A Life Filled with Art
For the past thirty years, Honica’s passion has been jewellery. Always innovative, Honica’s award winning work has received fabulous reviews for many years and in many places.
In 1991, she was named Accessories Designer of the Year at western Canada’s prestigious Power and Passion Show. In 1988, her work was featured at the gala opening of the international theatrical production of Cats by Andrew Lloyd Webber. She was commissioned to design a jewellery piece for each of the five hundred gala dinner guests, each piece based on characters in the play.
As the former head of design for Purple Cat Jewellery, her work was sold in the USA through Saks Fifth Avenue, as well as other select boutiques and galleries across America.
Each piece of her work is unique and hand crafted. Honica works each metal piece, each spiral, each stone individually. A single metal component may undergo eight separate hand processes before it is ready to be featured in the finished composition. Metals and stones may be tumbled, patinaed, polished, forged, antiqued, acid-dipped, melted, molded, bleached, brushed, sanded... well, you get the idea.
Each piece of jewellery is an original design. Each one made for you, by hand.
Honica's Inspiration
Inspiration — “My love of nature profoundly affects my view of the world and of myself in it. The opportunity I have to enjoy the natural world, to be inspired by it and to use the materials it offers, respectfully and creatively, is an endless delight.
“I have never outgrown my childhood habit of filling my pockets with bits of bark and bone, feathers or stone when I roam the woods or ocean shores. But I’m not really a collector.
"I’m a maker. I have plans. No matter that it may take me another 25 years to include just that bit of speckled stone in a piece of jewellery—I store it away in one of the hundreds of boxes and drawers, packed from wall to wall, floor to ceiling, in my studio.
“My studio faces the Colquitz River, with a view of towering spruce and arbutus, with ocean and islands nearby. My surroundings become part of the inspiration for my work which tends to be lyrical, organic and complex.
“I design jewellery in collections, which I name to reflect their central essence.

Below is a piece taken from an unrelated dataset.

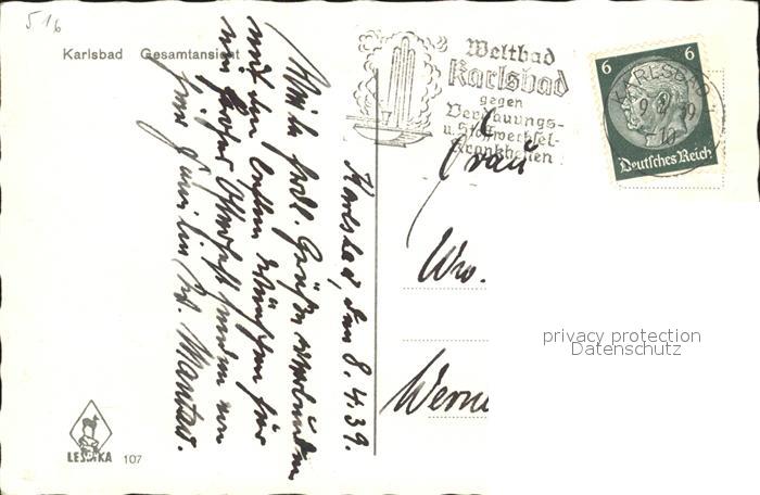 old postcard Karlsbad Eger Gesamtansicht postalisch gelaufen Erhaltung siehe scans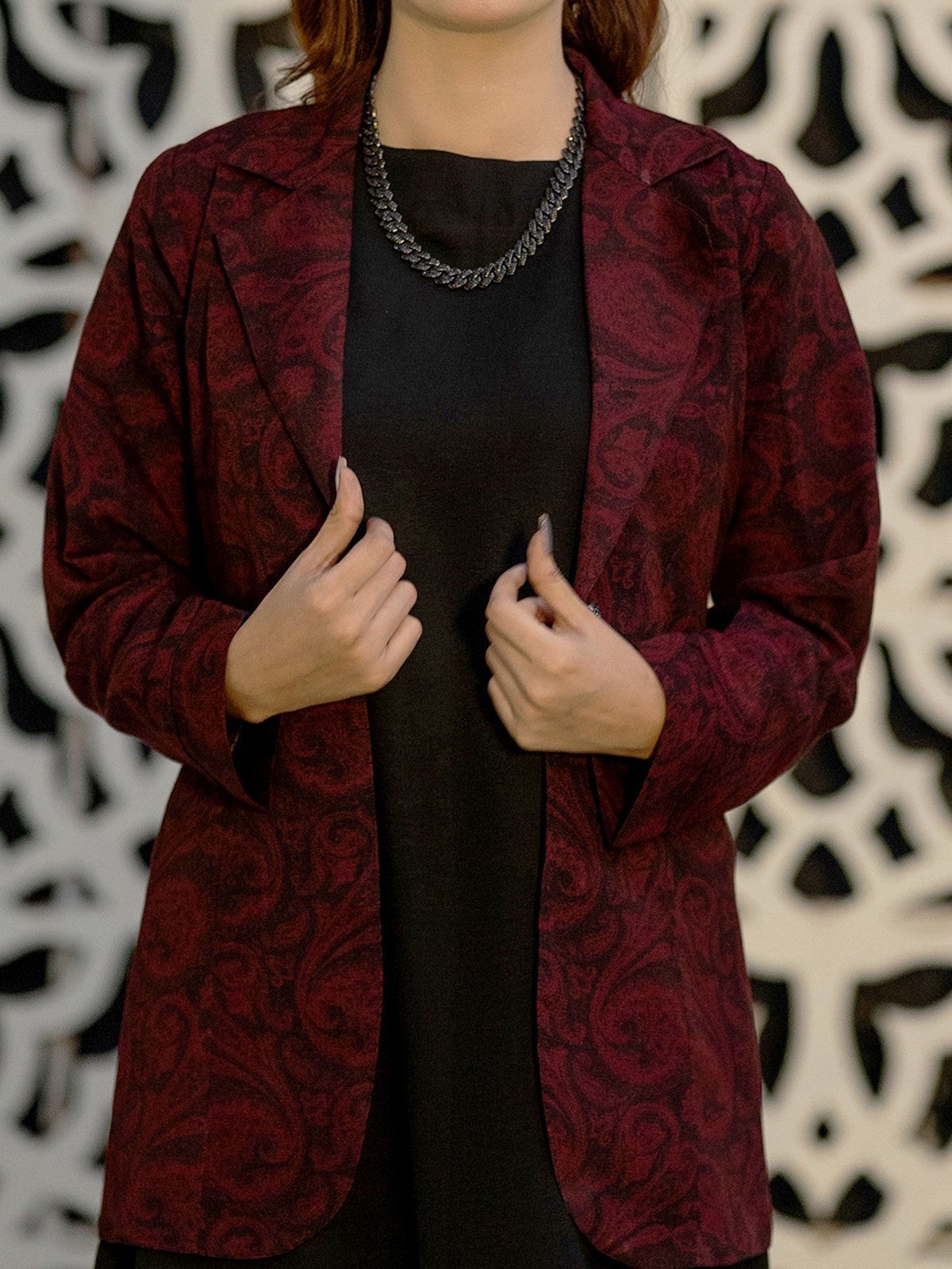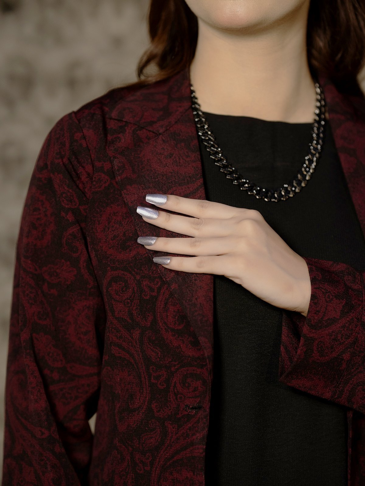 Color Type: Black (shirt pant), Maroon Paisley Printed Jacket

In this way, I make groups of jewellery, each having their own distinct character. It is important to me that people enjoy it as a visual and a tactile feast.
“Knowing that people will always express their individuality with their own unique approach to personal adornment gives me wonderful scope—I feel that the opportunities are truly limitless. I feel that even if I should live to be 100 years old, I would never run out of ideas nor out of appreciation for the possibilities.”